Reasonable question, but no....modern High Bypass TurboFan engines do not "burn rich".

In the early days of turbojets, we saw more black in the exhaust, due to incomplete and inefficient combustion. Back then, the goal was sheer power and thrust, and less on economy or efficiency, since fuel was relatively very inexpensive.

Of course, now fuel is costlier, and there are increased U.S. EPA (and international equivalent) restrictions imposed, to lower emissions (by promoting more complete combustion) and also noise standards that have been implemented.

The strive to lower the noise "footprint" of turbine engines actually went hand-in-hand with the efficiency improvements. A win-win.
 
To check if I understand what you are saying - the sun is above the contrail, so the shadow would only be on the bottom of the left exhaust - if you were above the jet then both contrails would be brightly lit?

Mostly, but not exactly.

Contrails don't reflect light. They scatter it via refraction and internal and external reflections of the billions of water drops and/or ice crystals. If you are above the contrail with the sun, then the light that you see is light that has gone into the contrail and come out again. If you below it, then the light you see is (mostly) light that came in the top, bounced around, then come out the bottom.

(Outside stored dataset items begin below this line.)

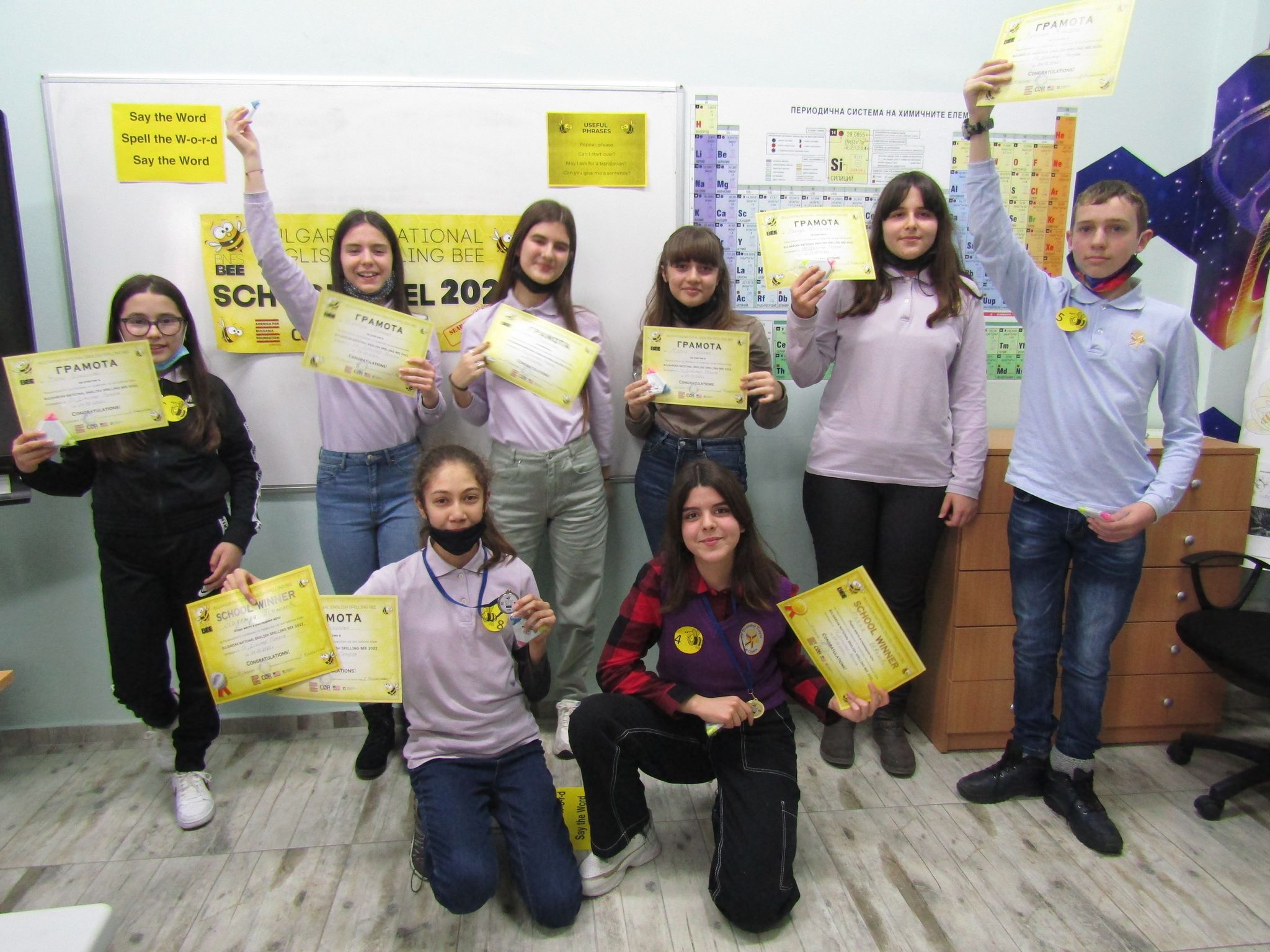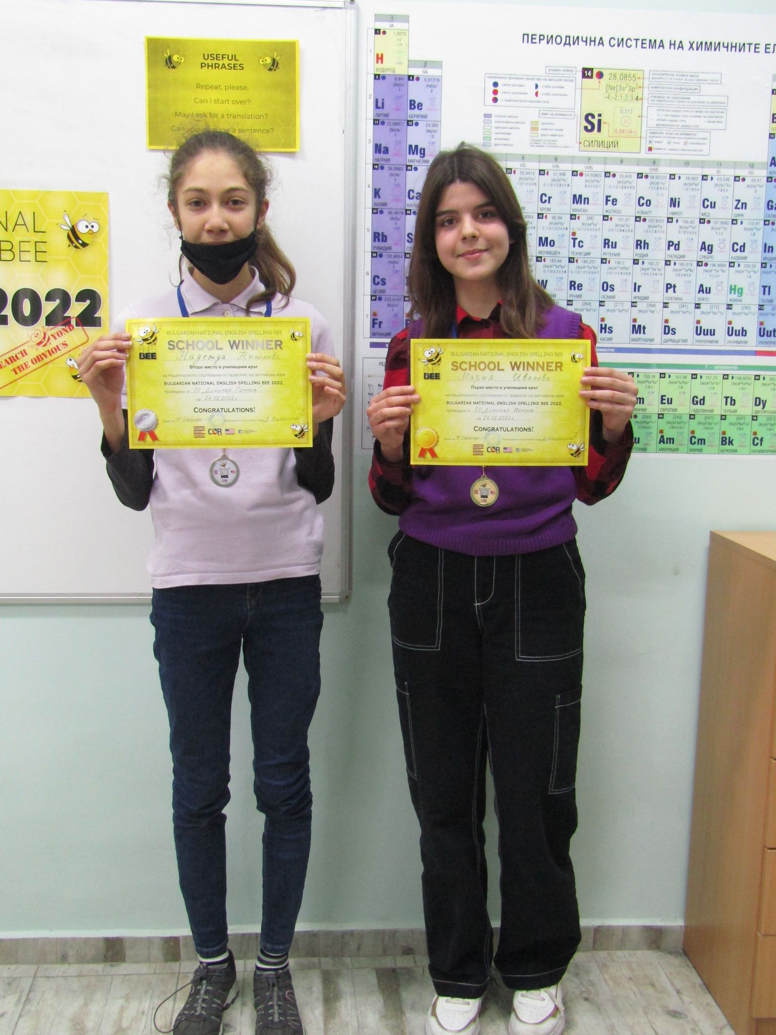 Мария Иванова от VII “A” клас се класира на първо място в училищния кръг, който се проведе на 24.02.2022 г. Тя спелува правилно думата „shamrock” и победи Надежда Николова от VII “A” клас, която остана втора. И двете ученички имат право да участват в регионалното състезание, което ще се проведе на 26 март 2022 г. Националният кръг на състезанието ще се проведе на 16 април 2022 г. в гр. София.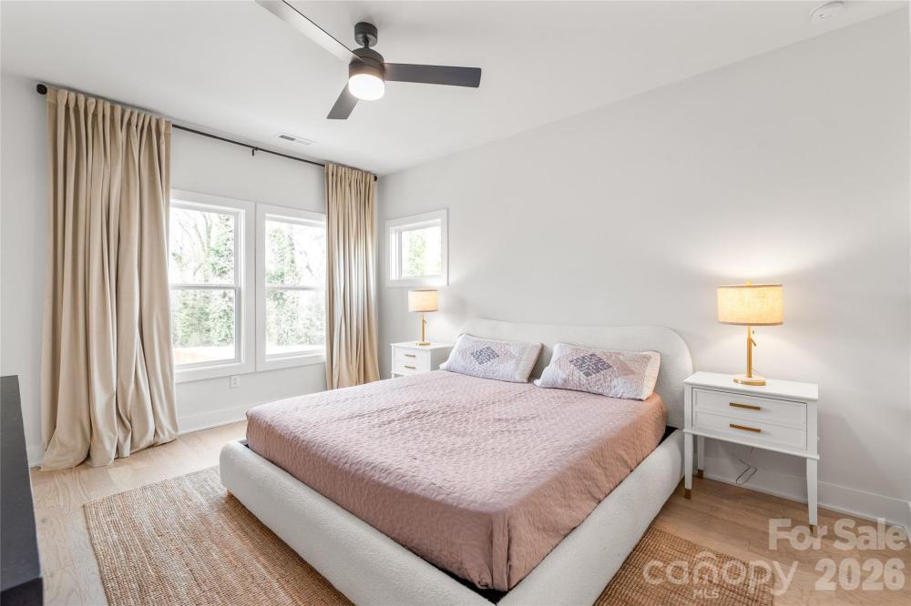 Built in 2022, this beautiful CUSTOM-BUILT modern home is just 15 minutes to DOWNTOWN CHARLOTTE and 10 minutes to NODA & PLAZA MIDWOOD! Offering 4 bedrooms and 3 full baths, the home features an open floor plan with HARDWOOD FLOORING THROUGHOUT and a desirable main-level bedroom with full bath — perfect for guests or a private home office. The GOURMET KITCHEN showcases an impressive 8-FOOT white QUARTZ ISLAND, quartz countertops, ample cabinetry, and a VENT HOOD with exhaust fan VENTED TO THE EXTERIOR — a true chef’s upgrade. The living area flows seamlessly to an extended outdoor patio overlooking a HUGE FENCED BACKYARD, ideal for entertaining and outdoor living. Additional highlights include a TWO-CAR GARAGE with EV CHARGER already installed, MODERN FINISHES throughout, close proximity to shopping and dining — and NO HOA for added flexibility and freedom. Don’t miss out on this rare find! Schedule your showing today!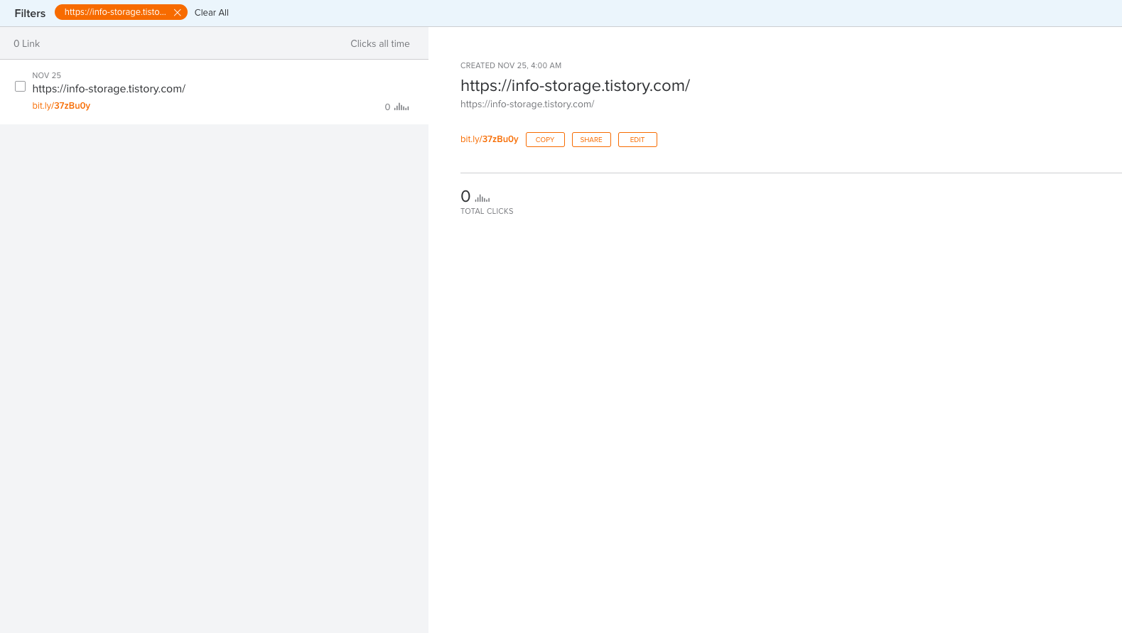 창을 나오게 되면 메인 상황판에 필자의 블로그 주소가 생겼으며 아래에는 단축된 비틀리 도메인이 생성되었다. 그 아래에는 총 몇 명이 클릭했는지에 대한 지표가 나온다. 이 지표를 활용하여 보통 마케팅 업계에서 'CPC(Cost Per Click)'을 매기게 된다. 참고로 'CPC'란 클릭당 단가로서 제휴 마케팅이나 어플 마케팅에 많이 사용하는 단어이다.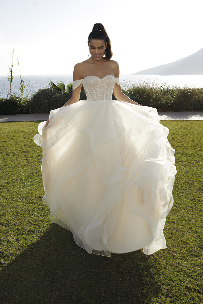De bruidsjurken zijn tijdloos en elegant en het uitgangspunt is dat elke jurk ‘licht’ moet ogen, zodat jij als bruid het stralende middelpunt bent. In de collectie vind je zowel sensuele, eenvoudige als uitbundige trouwjurken.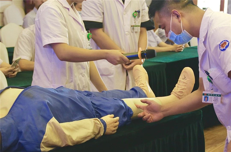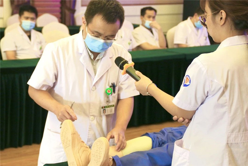 本次大賽活動(dòng)環(huán)節(jié)共有兩大項(xiàng),第一項(xiàng)為“臨床技能操作考核”??己藘?nèi)容分病史采集、體格檢查、首次病程錄書寫、病歷書寫、臨床思維與決策、基本技能操作(心肺復(fù)蘇、氣管插管)和專科技能操作(骨科)。每個(gè)臨床科室派兩位醫(yī)師參加技能考核,采取隨機(jī)抽題的形式,現(xiàn)場(chǎng)操作演示并作答。
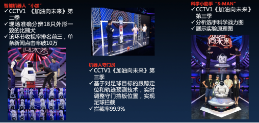 我所带领研究团队的一些技术成果,也在央视一些节目中进行了展示。在央视《加油!向未来》节目中,我们团队的机器人守门员挡住了130公里时速射过来的足球。130公里时速射过来的足球是什么概念?如果是真人守门员,这威力足以把人打穿。这里的上限在于电机的响应速度,从这一点看,机器有时候比人要厉害,如果用机器人守门员的话,中国足球的大门就非常安全了。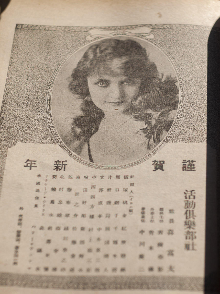 1922年1月号は「新年特別増大號」と題され本文146頁+グラビア32頁+折込+付録の豪華版となりました(付録は入手できず)。表紙はコンスタンス・タルマッジです。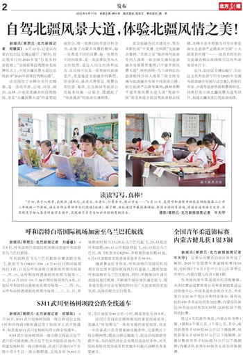 在交旅融合试点建设中,鄂尔多斯机场“干支通、全网联”交旅融合案例、“草原之星”额济纳号旅游专列入选第一批全国交通与旅游融合发展典型案例;“千里草原风景大道”、呼和浩特-乌兰浩特红色旅游航线分别入选第二批全国交通与旅游融合发展干线旅游公路、航空旅游产品典型案例;锡林郭勒千里草原风景大道入选“驾游中国”最受欢迎全国自驾旅游精品线路,赤峰市翁牛特旗乌丹至白音套海生态旅游产业路获评全国“十大最美农村路”……一批具有特色的交旅融合精品线路吸引区内外游客前来打卡。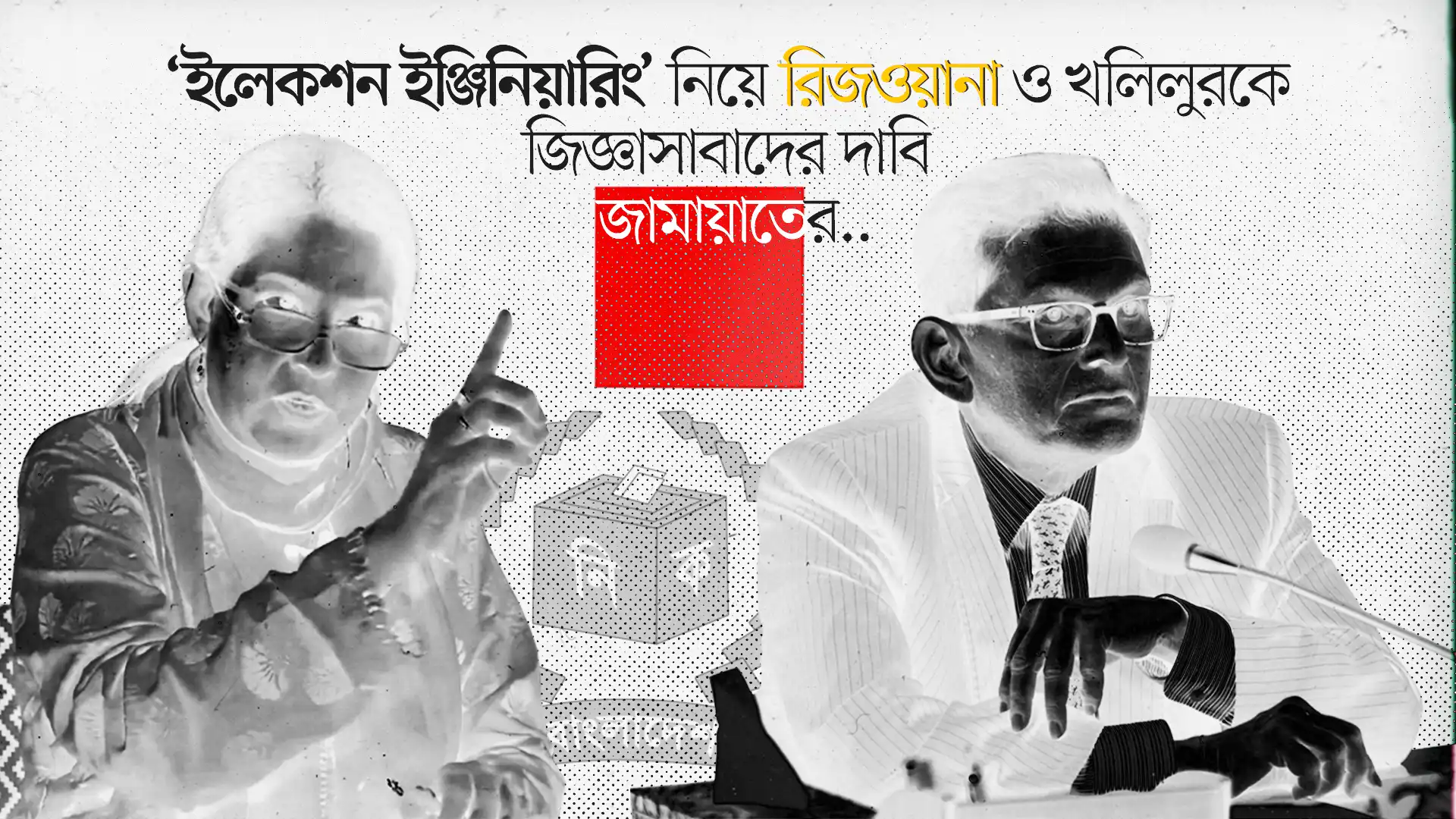 বাংলাদেশ জামায়াতে ইসলামী দাবি করেছে, অন্তর্বর্তীকালীন সরকারের প্রাক্তন উপদেষ্টা সৈয়দা রিজওয়ানা হাসান এবং প্রাক্তন নিরাপত্তা উপদেষ্টা খলিলুর রহমান, যিনি বর্তমানে দেশের পররাষ্ট্রমন্ত্রী হিসেবে দায়িত্ব পালন করছেন, তাদের ‘ইলেকশন ইঞ্জিনিয়ারিং’ বা নির্বাচনী প্রকৌশলের অভিযোগে জিজ্ঞাসাবাদ করা হোক এবং বিচারের মুখোমুখি করা হোক।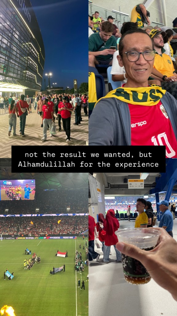Dan akhirnya Australia memang menunjukkan kualitasnya sebagai tim ranking duapuluhan di dunia. Mereka berhasil mengakhiri pertandingan dengan skor 5-1. Garuda dengan kenaifan strategi menyerang dari Patrick Kluivert jatuh terkulai dari angkasa. Di menit-menit akhir pertandingan, chant supporter Timnas kembali membahana. Tapi ironisnya kali ini memanggil-memanggil “Shin Tae Yong”. Kekecewaan tampaknya memuncak. Karena selain kalah telak, tampaknya pendukung masih belum bisa move on dari kepergian coach STY yang keputusannya diragukan oleh sebagian besar pendukung.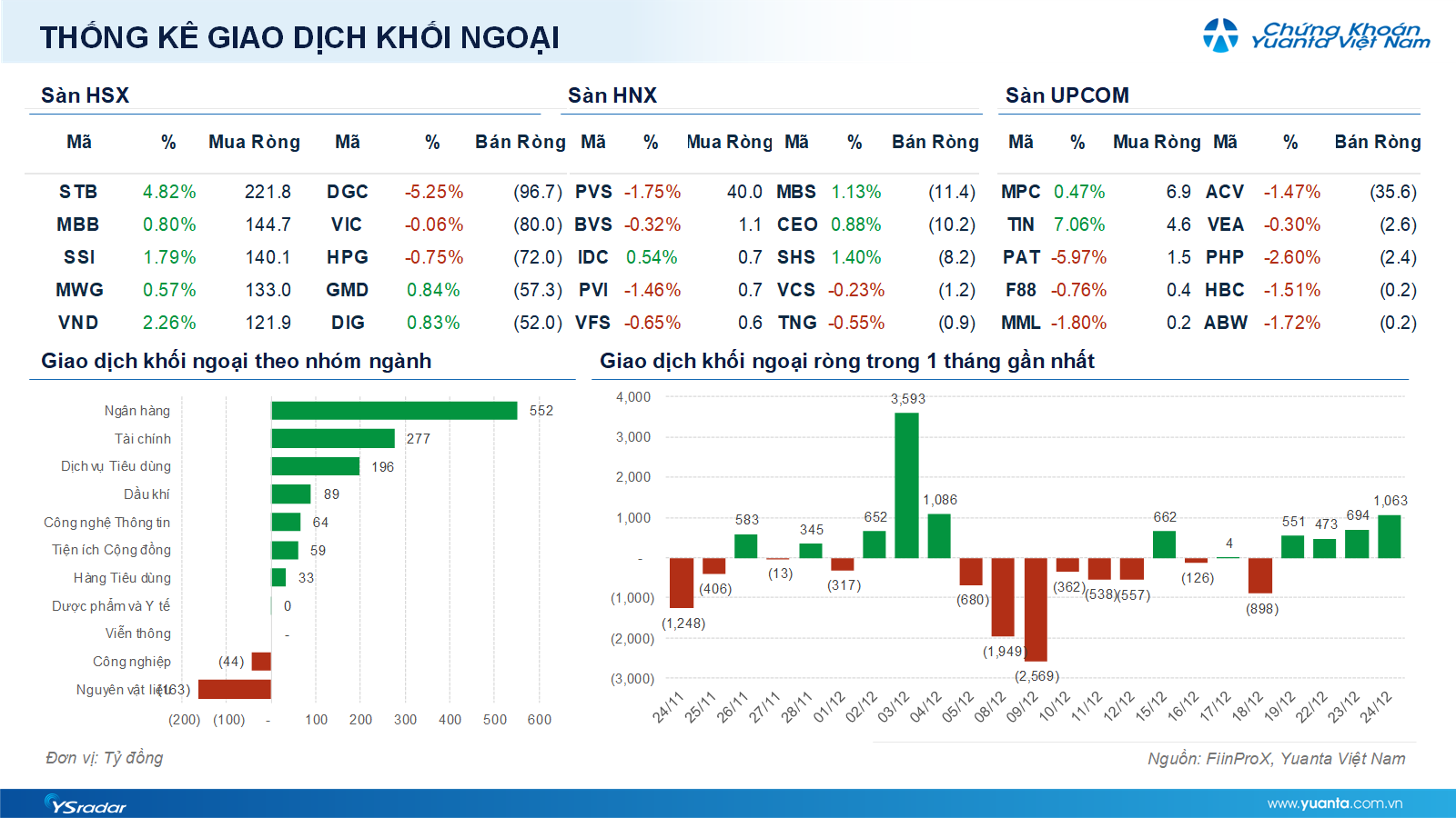 Nhà đầu tư nước ngoài mua ròng phiên thứ 4 giá trị 1063 tỷ đồng tập trung tại STB (222 tỷ), MBB (145 tỷ), SSI (140 tỷ). Ngược lại, DGC (97 tỷ), VIC (80 tỷ), HPG (72 tỷ) là top mã được bán ròng bởi khối ngoại.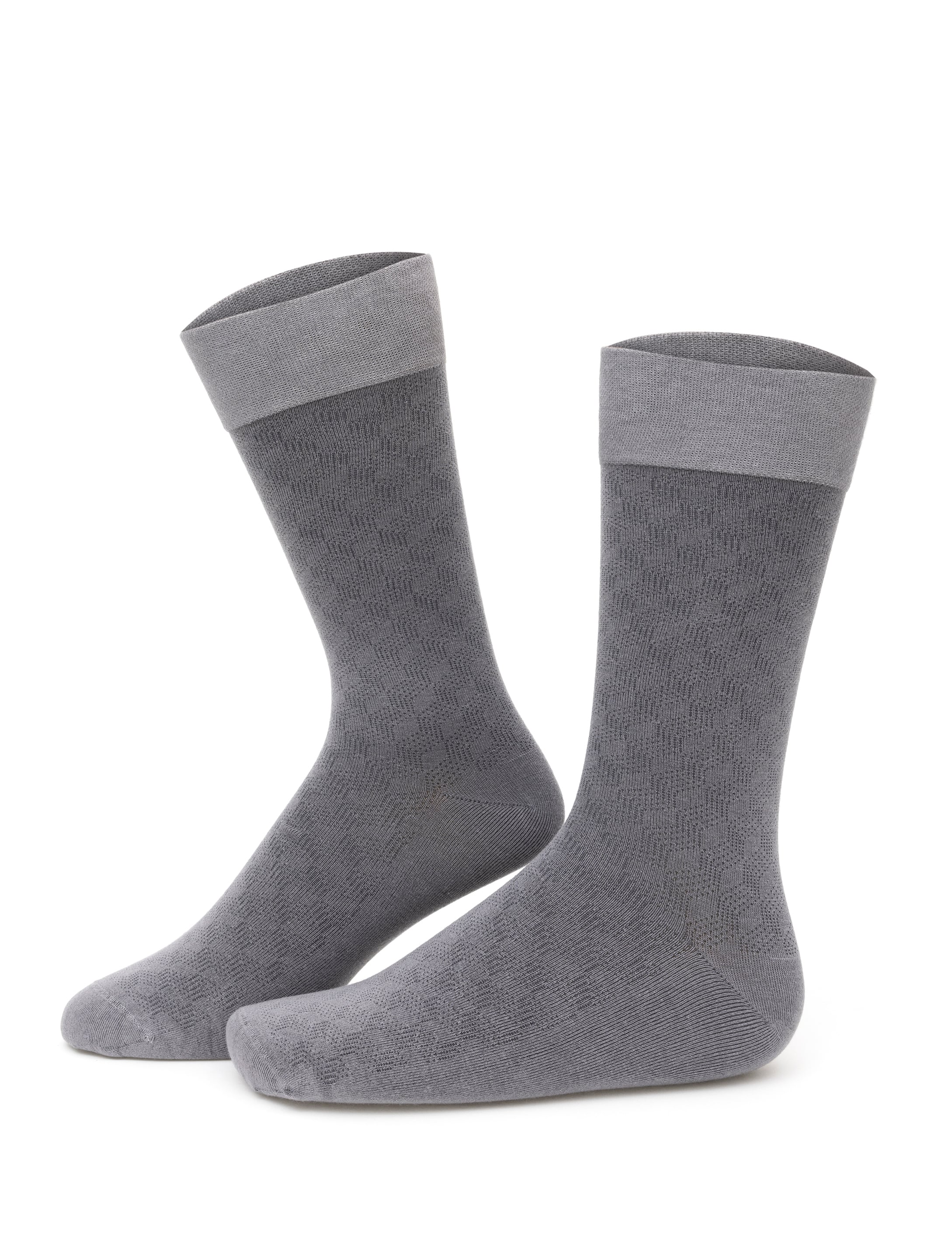 Erkek Bambu Karışımlı Gri Soket Desenli Çorap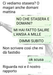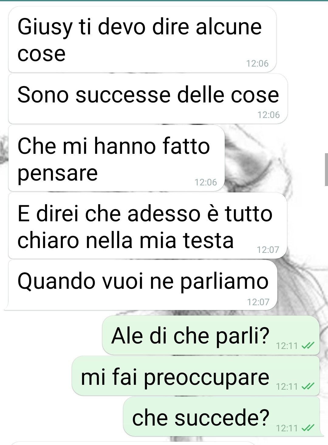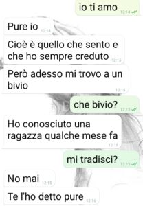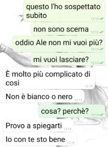 Da Giusy un saluto a tutti gli amici e amiche di spunte. Che altro vi posso dire? Se sono qua è perché qualcosa di inaspettato e spiacevole mi è successo. La chat è tra me ei mio fidanzato, Alessandro. Ci siamo conosciuti un anno fa, e siamo diventati una coppia senza rendercene quasi conto. Tutto con naturalezza e trasporto. Non ho infatti una data di “inizio relazione”. Tutto fantastico. Almeno così credevo. Anche il suo primo compleanno insieme, appena domenica scorsa, era andato a meraviglia. Ma due giorni dopo se ne esce con questi discorsi. Che non riesco a leggere bene nel suo cuore. E come carico ha pure una che ci riesce benissimo. Una che ha conosciuto mesi fa. Ci ama uguale ma lei “legge” meglio. Non è abbastanza? No! Vedete un po’ da voi quale sarebbe la prova della sua tesi. Come ho fatto a sprecare un anno con questo qua?”

The amount of light coming out of a contrail is proportional to the amount coming in. In this case [if] the contrail on the left has less light coming in, and so a less coming out, in all directions, but mostly in the directions where light has to travel the farthest to get through. So it will also be (slightly) darker on the top.

[Diagram removed, as it was wrong]

This said, I'm still not convinced myself. I was earlier, but having thought about it more I still can't figure out how two identical contrails at these angles can create what we see. I'm starting to wonder if the engines might be on different power settings. The plane would probably be descending at that time.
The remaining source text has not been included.